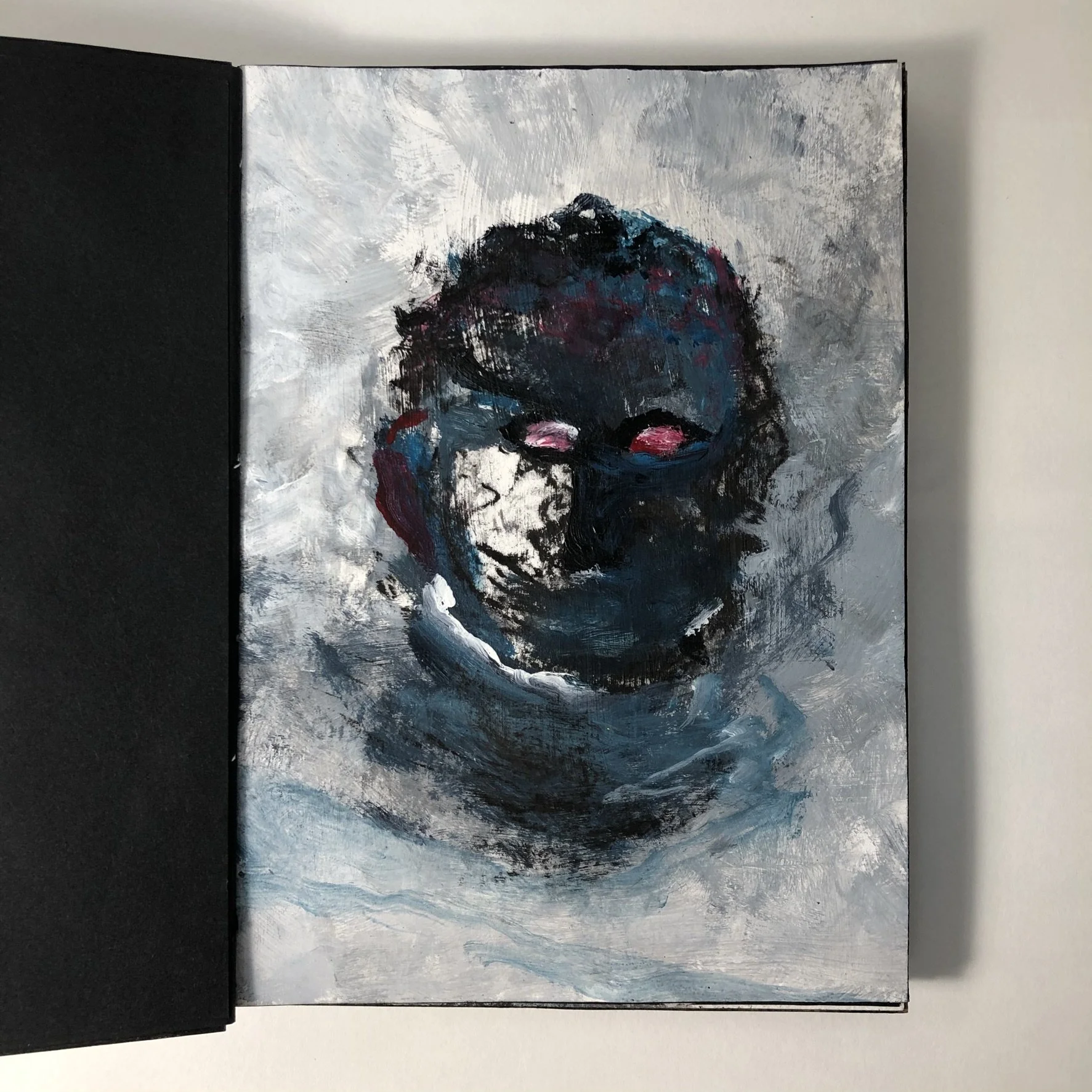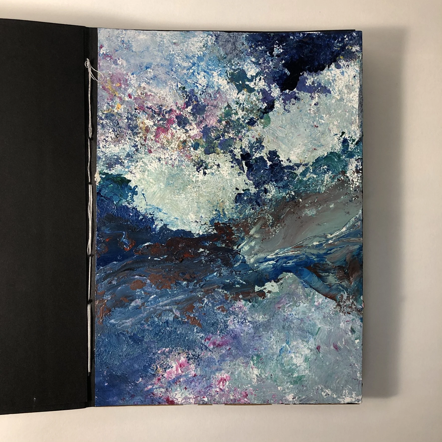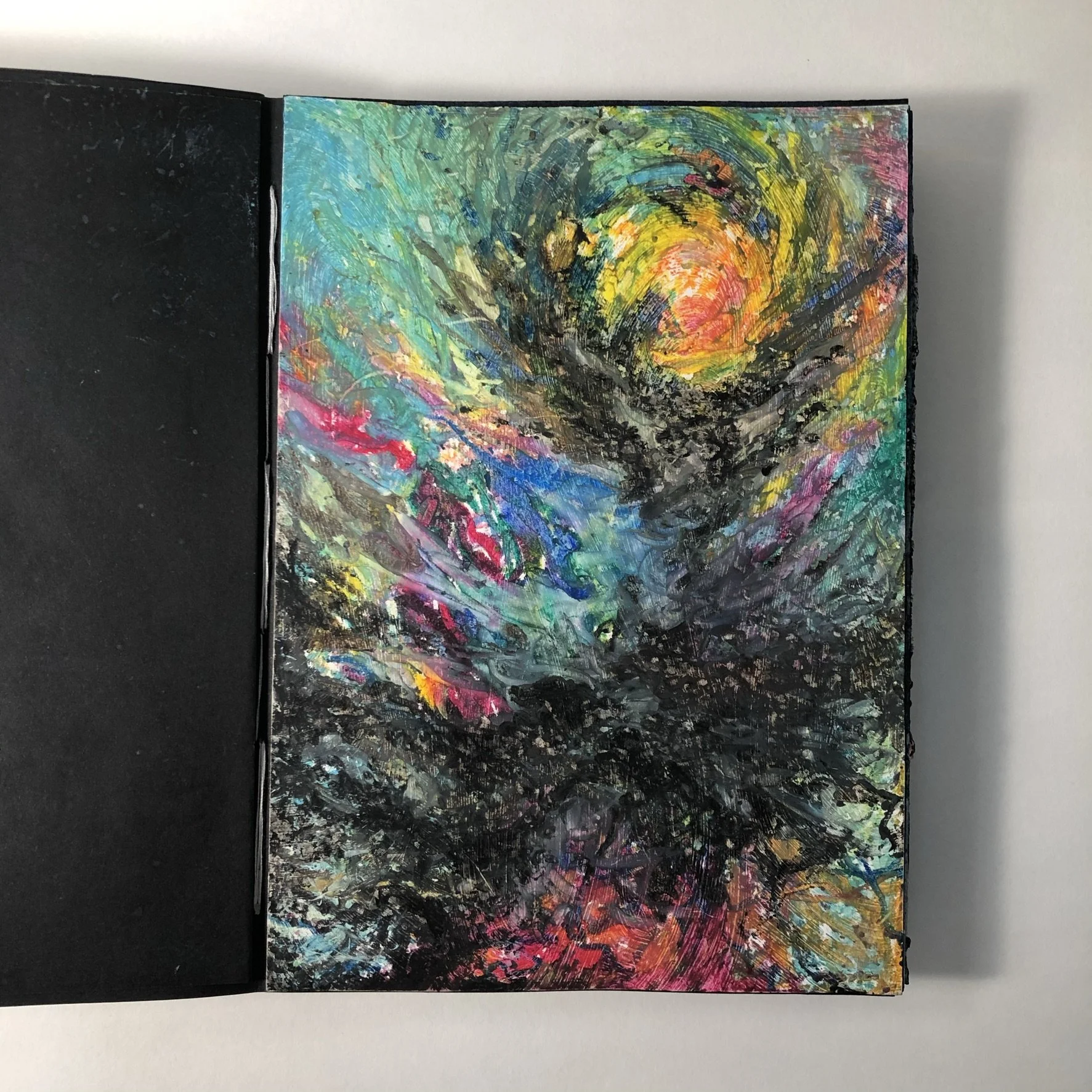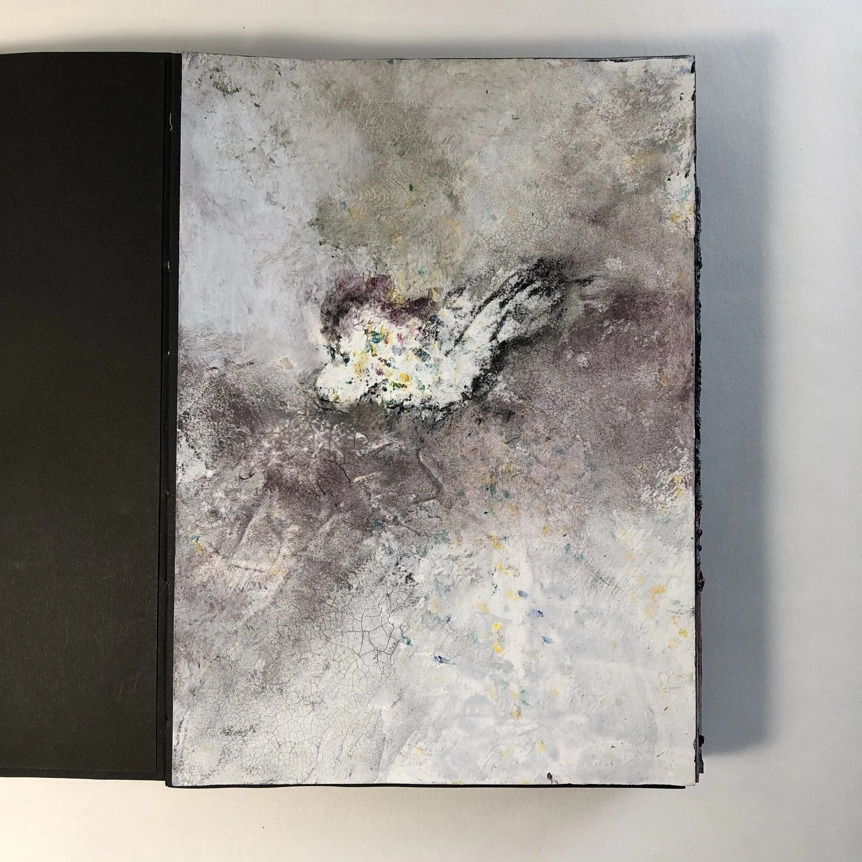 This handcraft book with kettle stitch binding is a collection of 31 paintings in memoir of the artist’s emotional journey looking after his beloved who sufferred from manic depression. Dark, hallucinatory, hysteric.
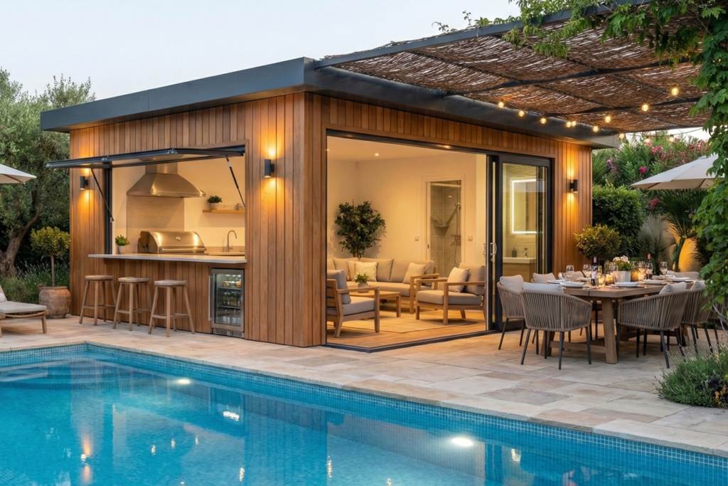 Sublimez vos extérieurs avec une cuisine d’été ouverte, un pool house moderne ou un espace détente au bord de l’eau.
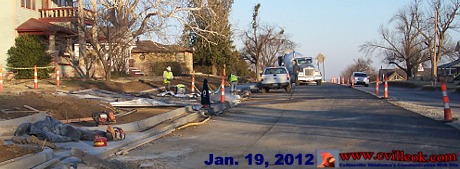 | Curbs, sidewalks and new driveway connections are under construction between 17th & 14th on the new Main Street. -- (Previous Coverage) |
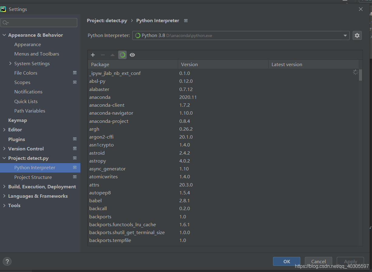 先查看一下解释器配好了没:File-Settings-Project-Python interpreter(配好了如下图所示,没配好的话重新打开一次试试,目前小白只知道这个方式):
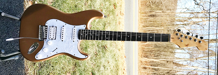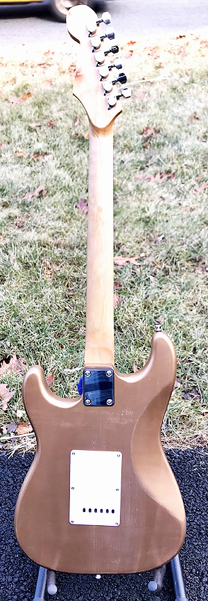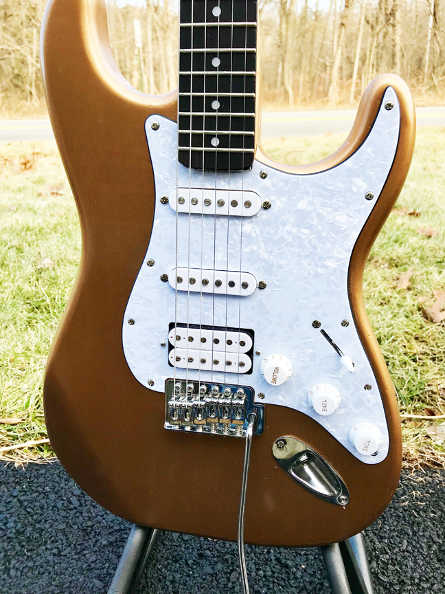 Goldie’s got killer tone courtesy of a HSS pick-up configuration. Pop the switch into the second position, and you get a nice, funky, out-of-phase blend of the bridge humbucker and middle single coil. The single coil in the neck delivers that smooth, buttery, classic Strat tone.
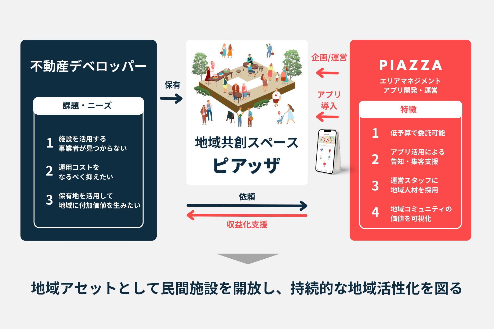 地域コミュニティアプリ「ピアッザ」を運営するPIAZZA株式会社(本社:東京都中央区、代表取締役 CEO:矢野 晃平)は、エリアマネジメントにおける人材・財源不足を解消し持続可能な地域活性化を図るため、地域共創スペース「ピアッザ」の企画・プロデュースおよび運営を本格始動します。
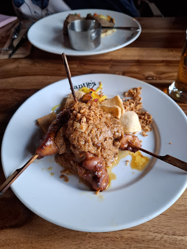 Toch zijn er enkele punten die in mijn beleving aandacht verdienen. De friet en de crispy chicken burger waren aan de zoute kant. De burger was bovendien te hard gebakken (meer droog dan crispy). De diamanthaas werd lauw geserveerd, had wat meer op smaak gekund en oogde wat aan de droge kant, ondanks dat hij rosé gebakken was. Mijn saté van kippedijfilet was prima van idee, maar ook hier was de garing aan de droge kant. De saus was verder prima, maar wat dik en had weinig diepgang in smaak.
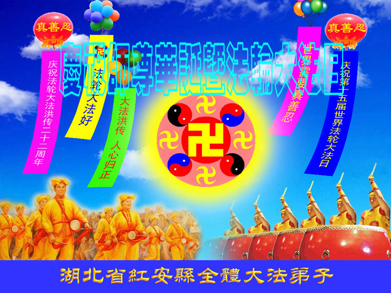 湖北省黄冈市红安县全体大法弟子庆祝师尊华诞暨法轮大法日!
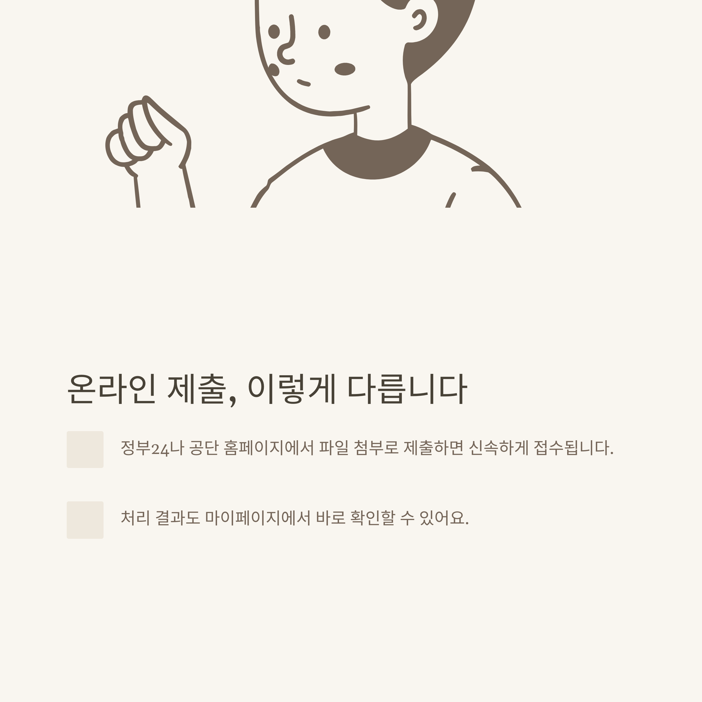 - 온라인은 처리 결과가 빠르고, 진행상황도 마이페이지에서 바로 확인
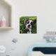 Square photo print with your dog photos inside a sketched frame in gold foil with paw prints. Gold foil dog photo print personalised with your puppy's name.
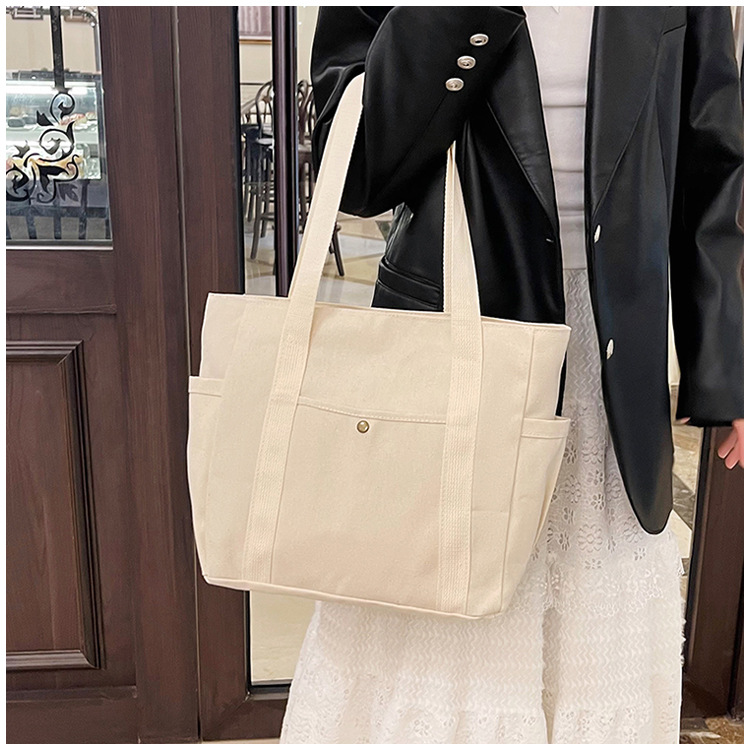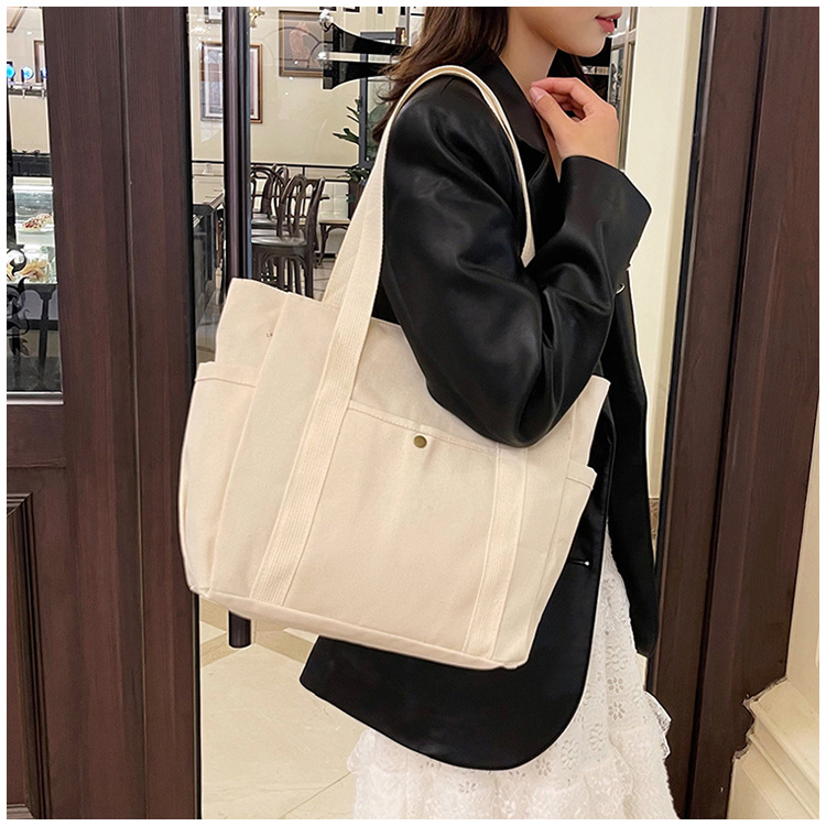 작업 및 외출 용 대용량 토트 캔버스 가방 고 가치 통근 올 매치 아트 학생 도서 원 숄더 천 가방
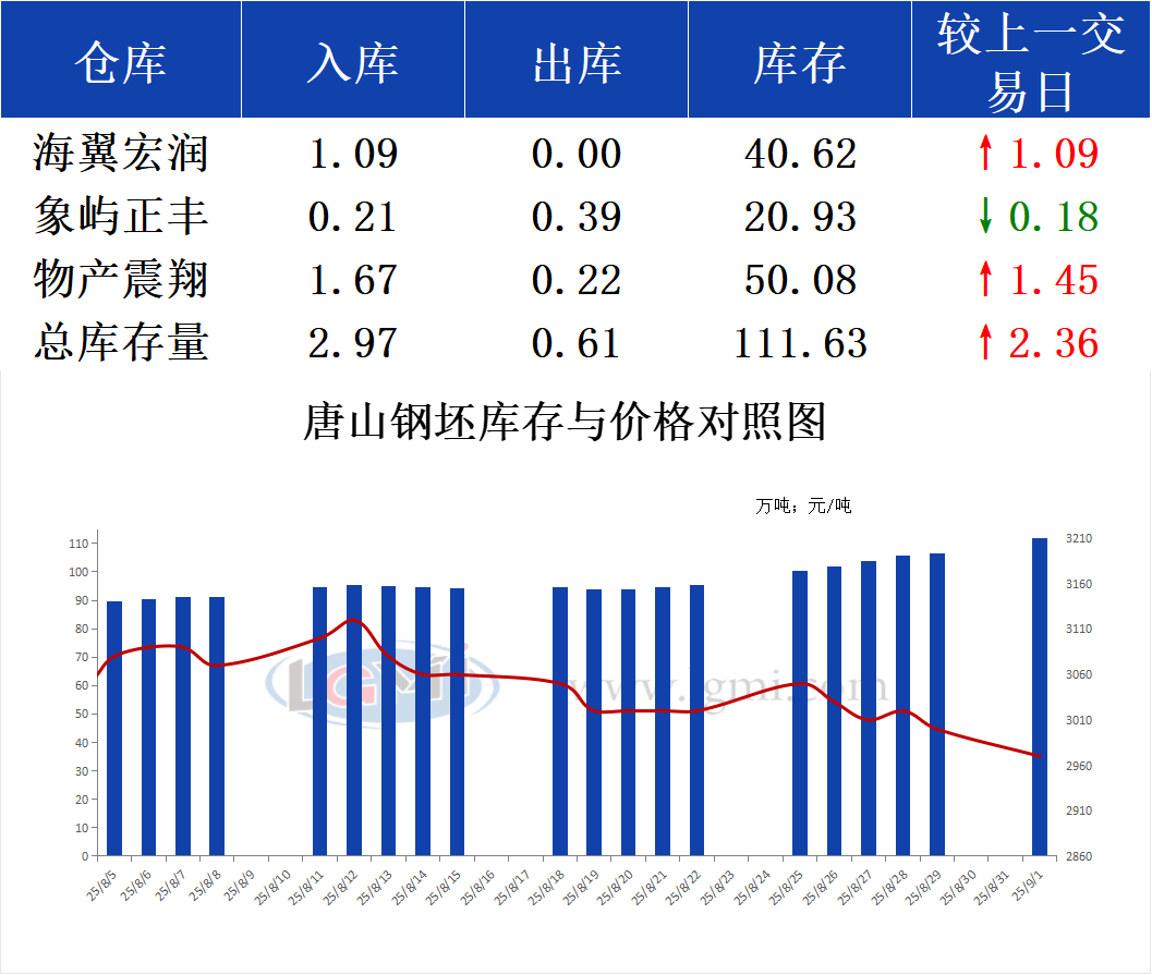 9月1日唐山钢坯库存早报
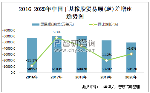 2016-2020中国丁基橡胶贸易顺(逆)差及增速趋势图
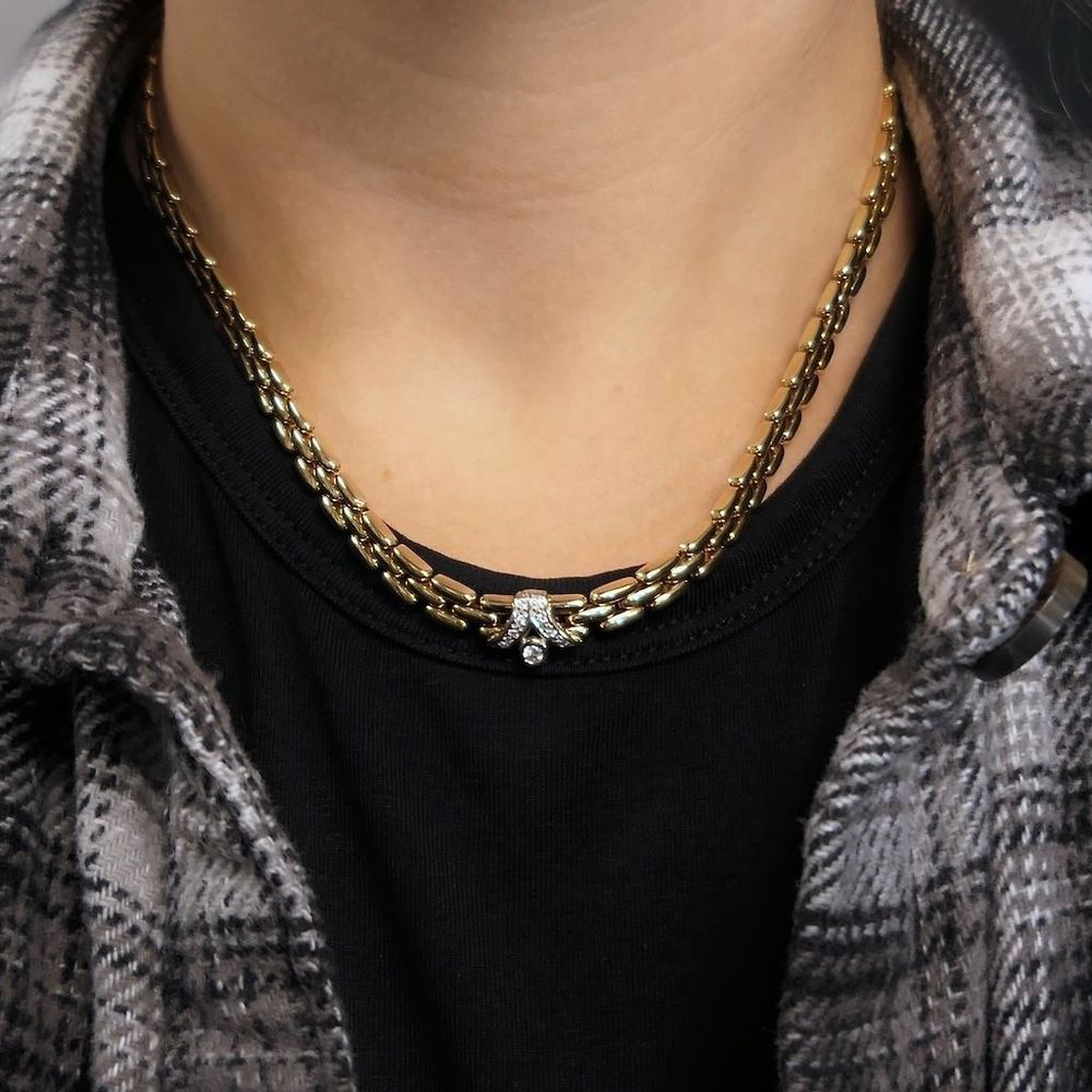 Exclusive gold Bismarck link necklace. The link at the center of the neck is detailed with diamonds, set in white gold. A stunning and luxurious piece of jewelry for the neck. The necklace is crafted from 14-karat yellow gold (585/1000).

○ ○ ○ ○

**Required action:** For the data above, set down exactly the lines from the line with "(Previous Coverage) |" to the line with "先查看一下解释器配好了没:F", both included, leaving pictures out.

**Your solution:**
 | Curbs, sidewalks and new driveway connections are under construction between 17th & 14th on the new Main Street. -- (Previous Coverage) |
 先查看一下解释器配好了没:File-Settings-Project-Python interpreter(配好了如下图所示,没配好的话重新打开一次试试,目前小白只知道这个方式):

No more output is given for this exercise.